What it means for you#

  • Investors and shareholders

    • You can now buy and hold more than 15% of ISC’s voting shares. The past rules that blocked dividends or voting rights above the cap no longer apply.
    • ISC will no longer assess whether investors are “associated” for the purpose of enforcing the 15% limit, because that limit is repealed.
    • Takeovers or large strategic investments in ISC would likely be easier. However, the “golden share” and the new transfer protections still limit certain major moves affecting core assets or obligations.
  • ISC management and board

    • The board will include exactly 2 directors appointed annually by the Lieutenant Governor in Council. If more than 2 government appointees are on the board when the law takes effect, they remain until the next annual meeting.
    • Monitoring, presumption, and enforcement steps tied to the old 15% share limit are removed.
    • New wording captures direct or indirect transfers that could move key intellectual property outside Saskatchewan or that could prevent or delay ISC or ISC Saskatchewan Inc. from meeting the 2023 agreements. Such moves would likely trigger the golden share rights.
  • Government of Saskatchewan and Crown Investments Corporation (CIC)

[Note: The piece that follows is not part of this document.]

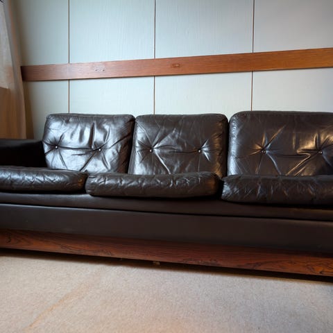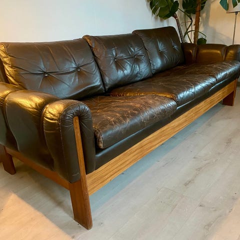 Myydään musta nahkasohva pois uuden sohvan tieltä. Tässä on juotu monet aamukahvit ja natuviinit. ;-)
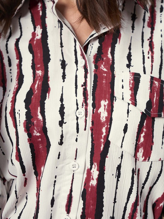 White & Maroon Abstract Stripe Shirt

    • CIC’s influence on board appointments is set at 2 seats, regardless of its share ownership level.
    • The bill confirms CIC can preserve its golden share through a plan of arrangement, as long as the golden share after the reorganization is identical in rights and terms.
  • Registry users (businesses, property owners, professionals)

    • Day-to-day services are not changed by the bill. The added asset and intellectual property protections are aimed at keeping key capabilities in Saskatchewan and maintaining service obligations under ISC’s contracts with the province.
  • General public

    • This bill mainly affects corporate control and governance of ISC. It does not change fees or the delivery of registry services directly.

Expenses#

No publicly available information.

  • The repeal of the 15% ownership cap could reduce ISC’s internal compliance and monitoring tasks; no cost estimate is provided.
  • No new spending, fines, or fees are identified in the bill text.

Proponents' View#

  • The bill appears intended to modernize ISC’s ownership and governance by removing the 15% ownership cap and the complex associated rules.
  • Fixing government appointments at two directors could provide predictability, instead of tying appointments to fluctuating government shareholdings.
  • The added protections on intellectual property and critical functions could be seen as safeguarding Saskatchewan-based capabilities and ensuring ISC can meet its 2023 contract commitments to the province.
  • Clarifying that the golden share continues through a plan of arrangement could support corporate flexibility while preserving the province’s key protective rights.

Opponents' View#

  • One concern is that removing the 15% cap could allow concentrated ownership or a takeover of ISC, potentially reducing dispersed shareholder influence. While the golden share remains, its scope and limits are not detailed in this bill.
  • Fixing government appointments at two may reduce public-sector influence on the board if, under the prior formula, the government would have appointed more than two directors.
  • The broader limits on transferring intellectual property and functions (including indirect transfers) may constrain ISC’s flexibility in future deals or reorganizations.
  • The bill does not explain in detail how the new transfer safeguards will be enforced in practice beyond existing golden share mechanisms, which could raise implementation questions.